Египетское искусство еще раз утвердило меня в мысли о необходимости развития симфонического монументального искусства. А боязнь монументализма, которую мы часто наблюдаем даже у очень серьезных людей на Западе, - есть антитеза, есть испуг перед риторикой и дидактикой массовых средств пропаганды. Может быть, это связано с насыщеннос-тью пластической культуры на узком, сжатом западноевропейском пространстве. Может быть, там такой перенасыщенный раствор, такой пласт культуры, что стремление, скажем, мексикан-цев и развивающихся стран к монументальному массовому искусству кажется уже чем-то детским, наивным, может быть, варварским.
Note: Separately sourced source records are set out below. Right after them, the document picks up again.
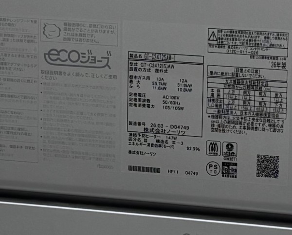 藤枝市 NORITZ GT-C2472SAW-1 給湯器交換工事
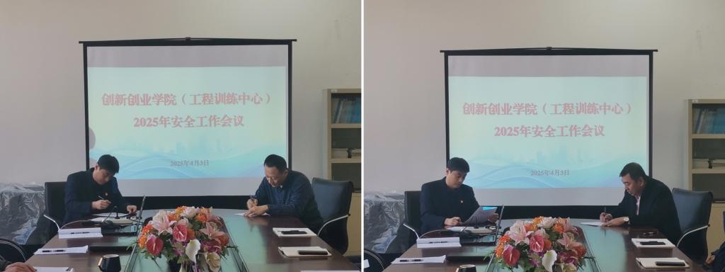 4月3日上午,创新创业学院(工程训练中心)在学院会议室召开2025年安全工作会议。学院领导、教研室主任副主任、科室负责人参加会议,会议由党总支书记、院长谭平主持。
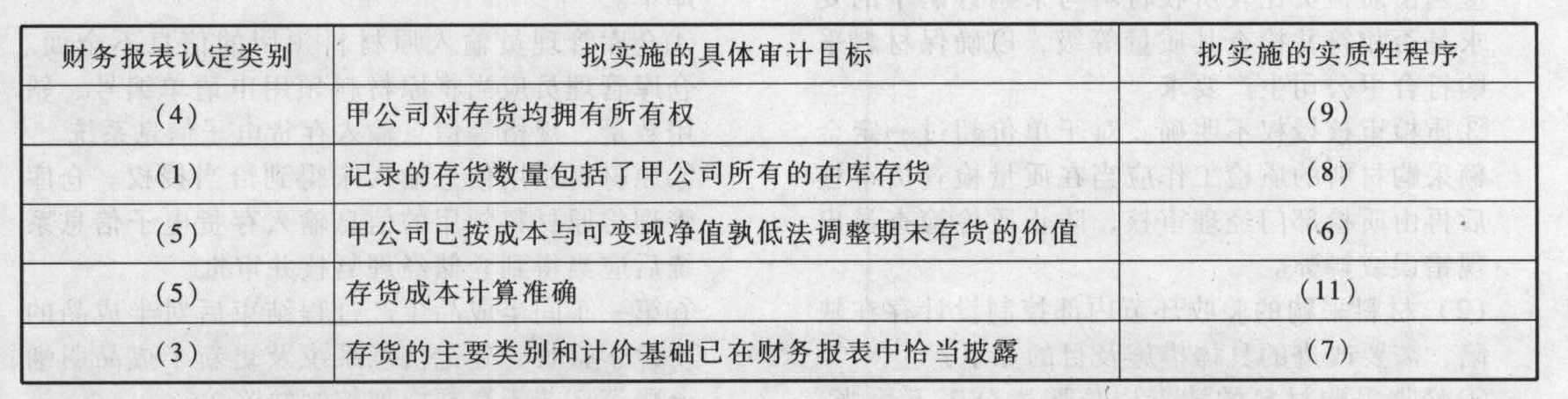 題干:甲公司是一家專營(yíng)空調(diào)的生產(chǎn)與銷售型上市公司。A注冊(cè)會(huì)計(jì)師擔(dān)任甲公司2013年度財(cái)務(wù)報(bào)表審計(jì)業(yè)務(wù)的項(xiàng)目合伙人。在實(shí)施風(fēng)險(xiǎn)評(píng)估程序后,A注冊(cè)會(huì)計(jì)師評(píng)估存貨的控制風(fēng)險(xiǎn)為高水平,確定存貨項(xiàng)目為重點(diǎn)審計(jì)領(lǐng)域,同時(shí)決定根據(jù)財(cái)務(wù)報(bào)表認(rèn)定確定存貨項(xiàng)目的具體審計(jì)目標(biāo),并選擇相應(yīng)的具體審計(jì)程序以保證審計(jì)目標(biāo)的實(shí)現(xiàn)。
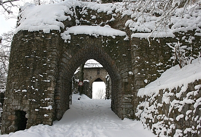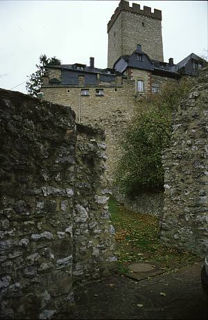 Reste der mittelalterlichen Burg, seit 1682 Ruine, in mehreren Terrassen ansteigende Anlage, 12. bis 16. Jahrhundert, romanischer Bergfried. [1]
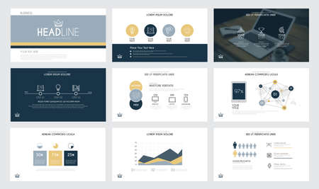 Business presentation slides templates from infographic elements. Can be used for presentation, flyer and leaflet, brochure, corporate report, marketing, advertising, annual report, banner, booklet.
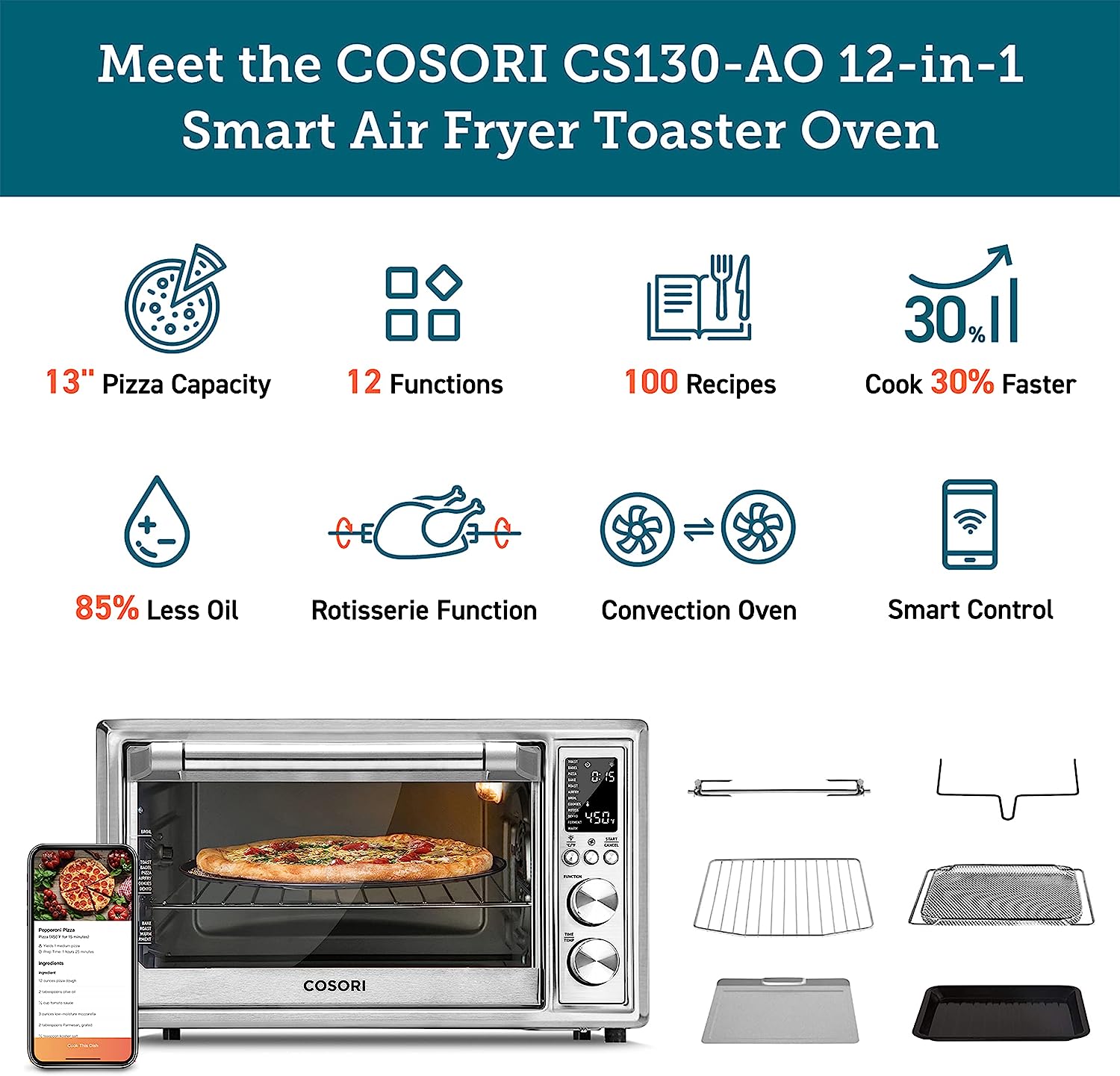 COSORI CS100-AO 12-in-1 Smart Air Fryer Toaster Oven.
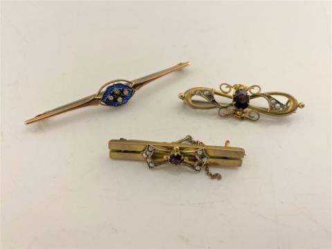 Three gold brooches, 7.9g.
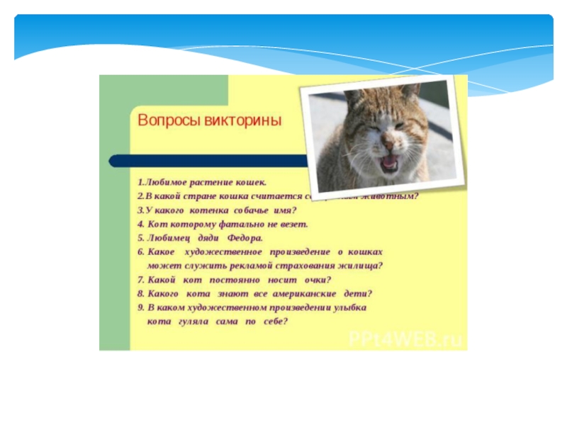 Конкурс «Угадай-ка»Вопрос 1Согласно народным приметам, что должно произойти, если кошка умывается?Вопрос 2Какой кот постоянно носил чёрные очки?Вопрос
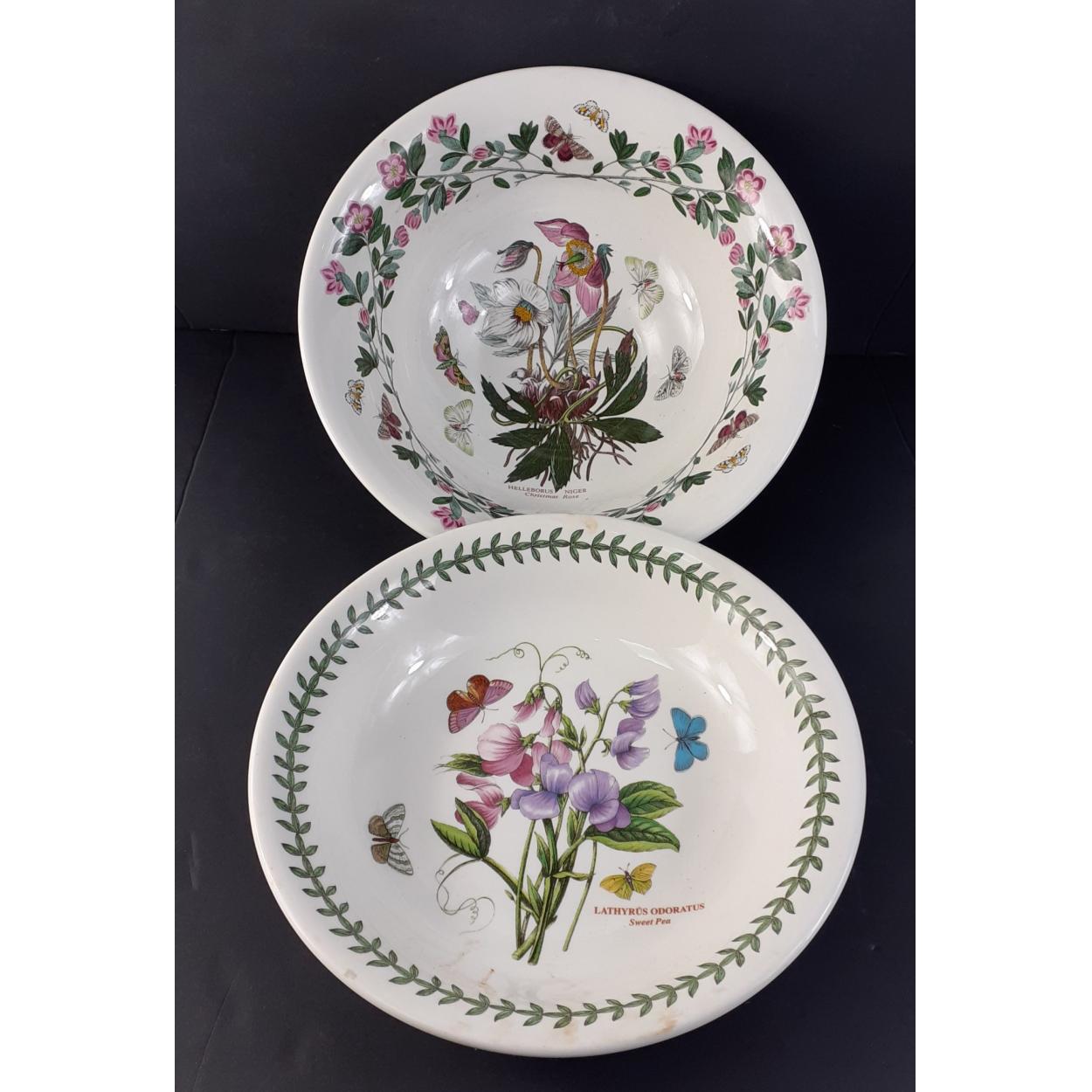 PORTMEIRION Ceramics - Two bowls in Botanic Garden ange. One a shallow bowl with SWEET PEA pattern and a deeper 28cm bowl in CHRISTMAS ROSE pattern. Both in good condition.
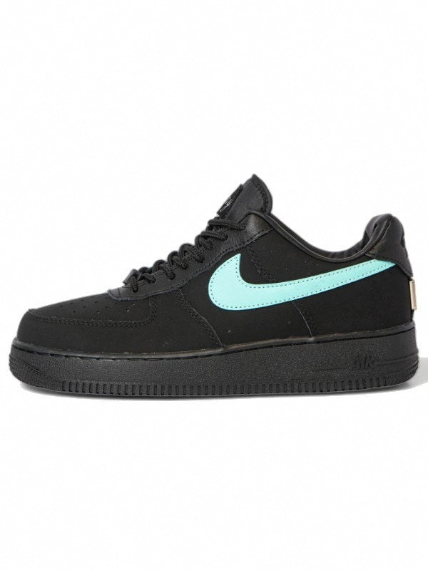 Crafted from premium nubuck leather in a sleek black hue, this Air Force 1 Low exudes sophistication and versatility. The defining feature of this collaboration is the signature Swoosh logo on the side, adorned with the immediately recognizable Tiffany blue hue, adding a pop of color and elegance to the design.

В беседах с западными европейцами мне часто приходится выслушивать их недоумение по поводу того, как это я и другие советские художники, делающие маленькие вещи, вполне их устраивающие, могут стремиться к такому "старомодному примитивному" искусству, как монумент?
Да, есть много противоречий между ложно понятой идеей монументальности и личностной идеей человека. Существует искусство, условно назовем его литургическим, когда человек как бы один на один, свободно, перед небольшим пространством холста, перед небольшой массой скульптуры сам познает прекрасное, как бы независимо от других.
Величие же древнеегипетской культуры так же, как наших храмов, в том, что они создавали идею массового действия и индивидуального добровольного приобщения к нему. В этом и есть смысл соборности: со всеми вместе, но не теряя личность свою. В самом процессе создания древних народных искусств лежит эта идея.
Мы подробно знаем, как создавались русские иконы. Аналогичные формы коллективного творчества я увидел в Египте. В Долине Царей есть незаконченные гробницы. Дело в том, что, как только фараон приходил к власти, он начинал строить себе усыпальницу. Фараон умирал, и строительство прекращалось. Мы увидели внутреннее украшение стен гробницы в том виде, когда внезапная смерть фараона прекратила работы. На каменной стене, специальным образом оштукатуренной рукой ученика, краской типа сангины нарисован бог смерти шакал Анубис. Более твердой рукой мастера, черной линией, составом, похожим на наш грифель, сверх этой краски внесены поправки. И кто-то третий уже начал по контуру подрубать камень, превращая рисунок в рельеф, а кто-то четвертый начал красить, наносить белила, охру, бирюзу, золото.
Как примирить сложную изощренную современную метафору с массовостью монументализ-ма? Как мне кажется, египетская система метафор, фантастических сопоставлений заключается в том, что в единый пластический образ связывается внешне несопоставимое: элементы человека и животного (шакал, лев, змея, гиппопотам), человек и растение, части человека (глаз, рука, фаллос) и космос превращены в символ, в смысловой знак. Конечно, мы не знаем до конца всю обрядовую суть этих образов. Но то, что мы знаем, делает эти метафоры осмысленными, не лишая их чувственного начала, свойственного искусству вообще. Метафора имеет конец, она превращается в символ.
Это отличается от современного применения метафоры, например, у Сальвадора Дали. Я привожу Дали как наиболее яркий, талантливый пример. Его метафора не имеет конца. Берется какая-то сложная фантастическая ситуация, где предметы, существа и события не имеют конечной связи и благодаря этому вызывают чувство тревоги, неудовлетворенности. Жажда снять это чувство тревоги вызывает пристальное внимание, стремление познать, а что же там такое? Но ответа нет. Это искусство задает вопрос, но не отвечает на него. Метафора не превратилась в символ. Но так обстоит дело в искусстве египетском.